The human eye is so complex and sophisticated that scientists still do not fully understand how it works. The eye completes 100,000 separate functions in a single day. While we sleep the eye conducts its own maintenance work. Considering the number of complex structures in the eye, as well as the highly integrated synchronization, it is difficult to understand how the evolutionist can believe that the eye emerged from a natural trial-and-error process.[15]

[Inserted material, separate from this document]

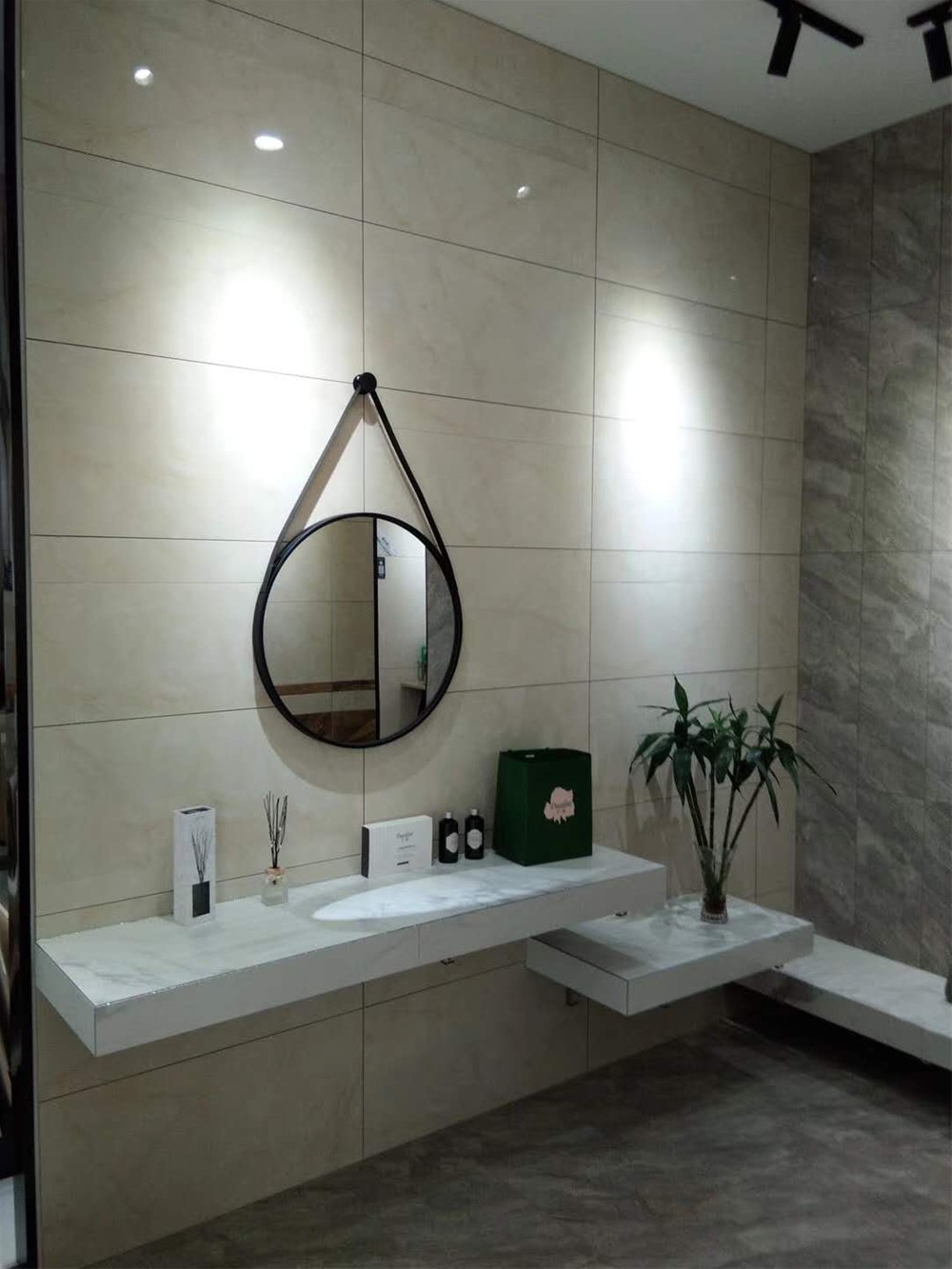 这是15°缎光釉铺设的现代风格模拟间,没有更多造型,简单的瓷砖切割铺贴,优雅大气的瓷砖纹理运用错位铺贴而成的墙面。

Great numbers of trilobite fossils, ocean bottom dwelling creatures now thought to be extinct, have been preserved. Trilobite eyes had lenses made out of calcite. Because these lenses are made out of "rock" and therefore don't decay, paleontologists have been able to study the design of trilobite eyes. Unlike human eyes, which are composed of a single lens, the trilobite eye is composed of a double lens with up to 15,000 separate lens surfaces in each eye, allowing the trilobite to see under water perfectly without distortion. Precise application of several laws of optics, including Abbe's sine law and Fermat's principle, is inherent in the design of these lenses. How did a trilobite grow a second lens? How did the eye function before the second lens was present? Did a grand engineer design the eye or did it develop by chance?[34]

Researchers have found striking similarities between the compound eyes of these trilobites and those of modern insects. For instance, according to Riccardo Levi-Setti, "Trilobites could see in their immediate environment with amazingly sophisticated optical devices in the form of large composite eyes. ... The number of individual optical elements in the compound eye could vary from approximately one hundred to more than fifteen thousand in a single eye, a range not very different from that found in modern insects."[42]